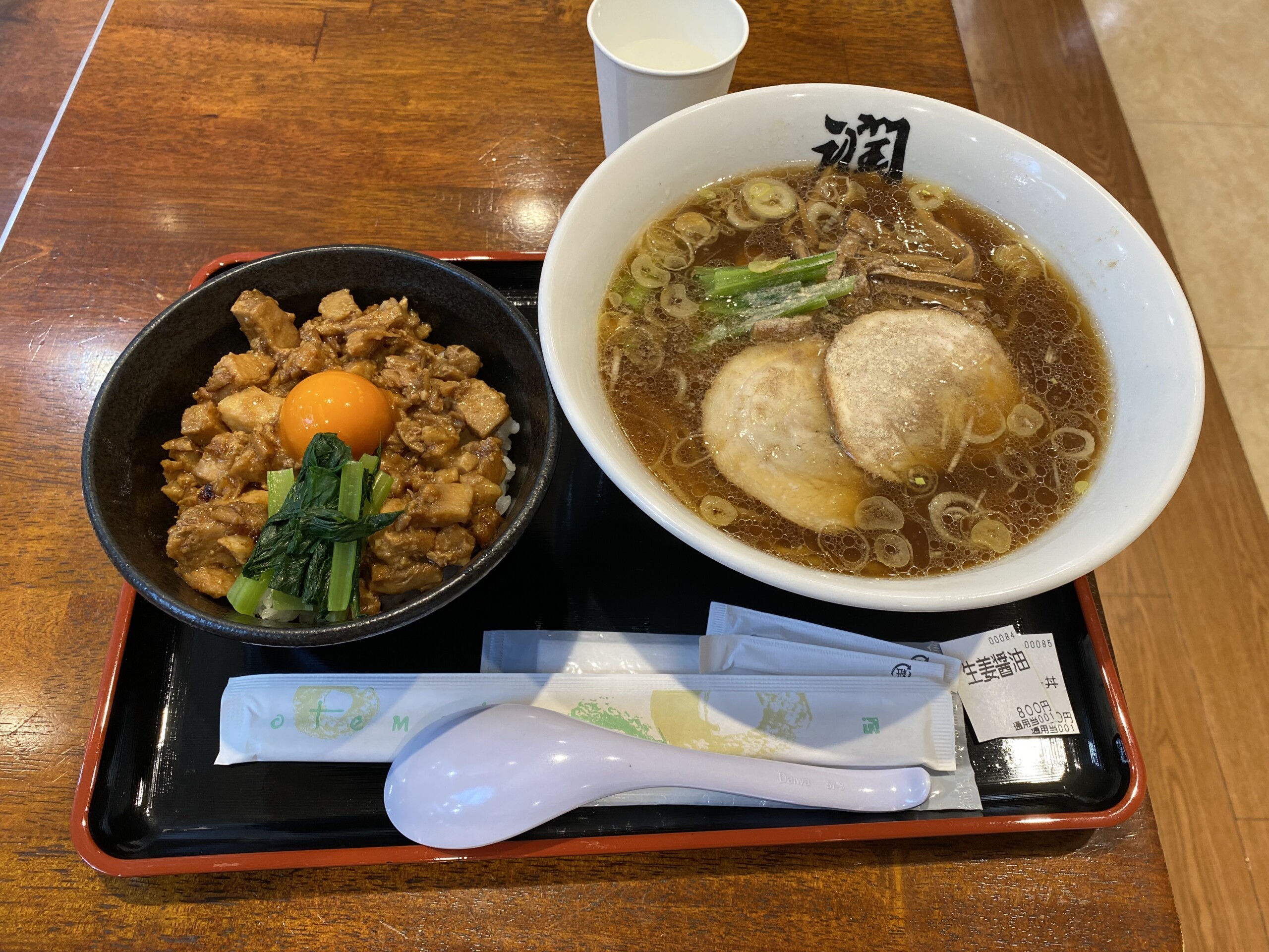 ふるさと村では、この5つの”新潟名物”ラーメンを一つのお店で楽しむことが出来るのですが(注)、今回は、長岡生姜醤油ラーメンにミニチャーシュー丼をセットにしていただきました。
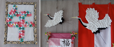 「夫婦鶴」は、羽の部分を利用者様に「つまみ細工風」に作っていただき、本物さながらの作品になりました。
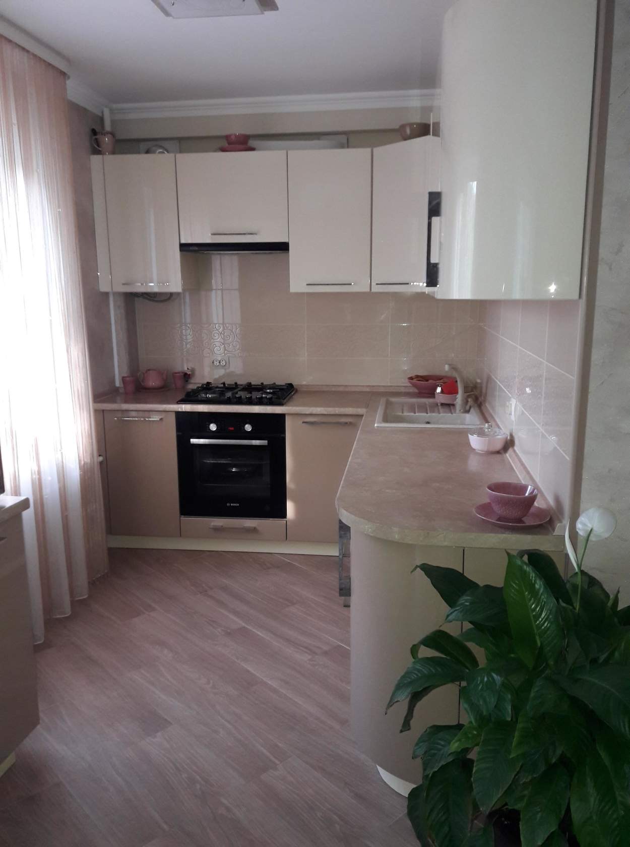 - La cuisine à Odnushka a l'air très confortable, décorée dans des tons beiges avec des accents brun foncé. C'est un vrai classique et convient à n'importe quelle zone de la pièce.
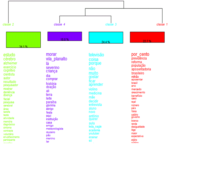 - Figura 1 – Dendograma das classes e frequências de palavras das notícias veiculadas pelo Correio Braziliense sobre velhice e envelhecimento entre 10/2017 a 02/2018. Brasília, DF, 2018.
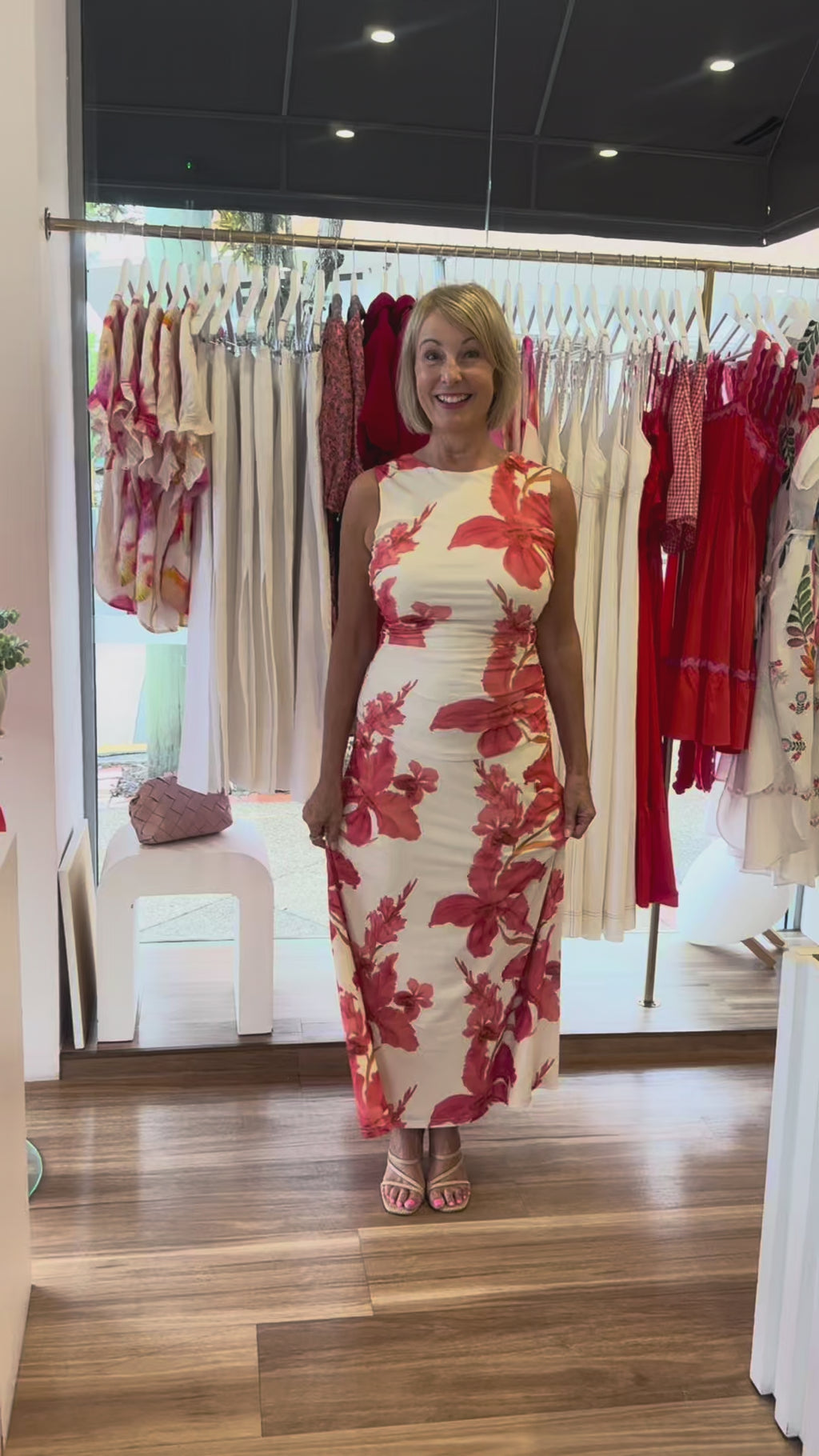 Our Isla Mesh Dress is that outfit you can rely on again and again. Crafted in a soft stretch mesh fabric with a bold peach floral print, it features a round neckline, sleeveless design and the silhouette hugs the body with subtle ruching through the waist for a sculpted, feminine fit. Lightweight and fully lined, it moves effortlessly from day to night with ease. Its an elevated statement piece made for warm evenings, events and everything in between.
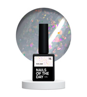 NAILSOFTHEDAY Potal Base 15 – mleczno-biała baza z różowymi holograficznymi płatkami, 10 ml
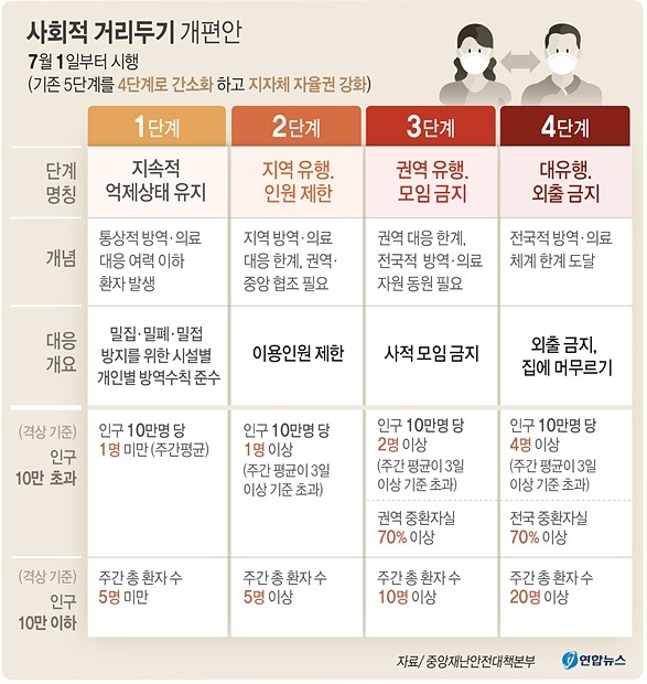 정부는 7월부터 코로나19 대응을 위한 '사회적 거리두기'를 4단계로 간소화한다고 밝혔다. 현행 5단계(1→1.5→2→2.5→3단계) 거리두기가 유행정도에 따라 '억제'(1단계), '지역유행'(2단계), '권역유행'(3단계), '대유행'(4단계) 4단계로 바뀐다.

○ ○ ○ ○ ○

Exercise: The required answer is an exact copy of the lines from the one containing "NAILSOFTHEDAY Potal Base" through the last line of the material, with the pictures removed.

Response for this exercise:
 NAILSOFTHEDAY Potal Base 15 – mleczno-biała baza z różowymi holograficznymi płatkami, 10 ml
 정부는 7월부터 코로나19 대응을 위한 '사회적 거리두기'를 4단계로 간소화한다고 밝혔다. 현행 5단계(1→1.5→2→2.5→3단계) 거리두기가 유행정도에 따라 '억제'(1단계), '지역유행'(2단계), '권역유행'(3단계), '대유행'(4단계) 4단계로 바뀐다.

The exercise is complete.